What you need to do:
All of the data is to be printed exactly, though the images must be left off.

Available data:
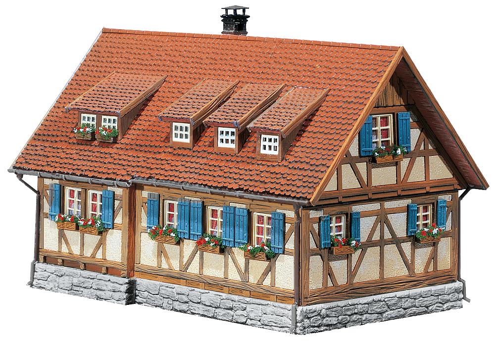 Mit Fachwerk und Ausschmückungsteilen. Dieser Bausatz enthält: 195 Einzelteile in 7 Farben, Fensterfolie, 1 Gardinenmaske und 1 Bauanleitung.
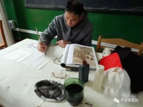 离岗归家雪鬓翁,闲来习画绘丹青。
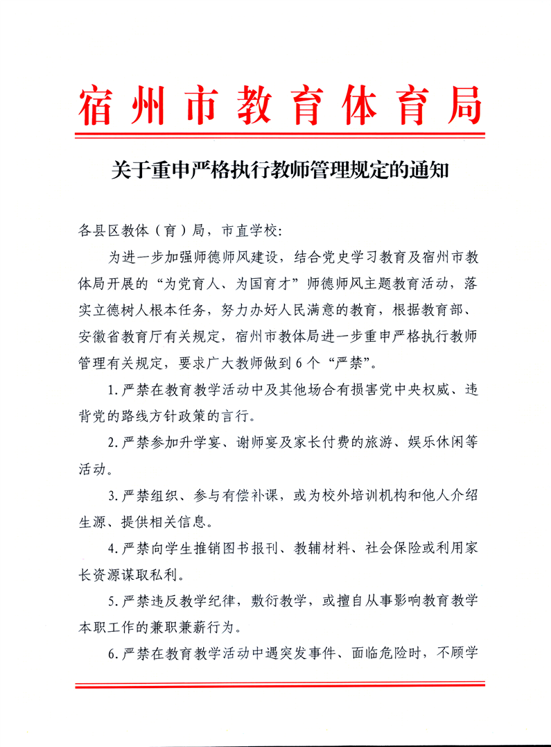 關(guān)于重申嚴(yán)格執(zhí)行教師管理規(guī)定的通知

Exercise answer:
 Mit Fachwerk und Ausschmückungsteilen. Dieser Bausatz enthält: 195 Einzelteile in 7 Farben, Fensterfolie, 1 Gardinenmaske und 1 Bauanleitung.
 离岗归家雪鬓翁,闲来习画绘丹青。
 關(guān)于重申嚴(yán)格執(zhí)行教師管理規(guī)定的通知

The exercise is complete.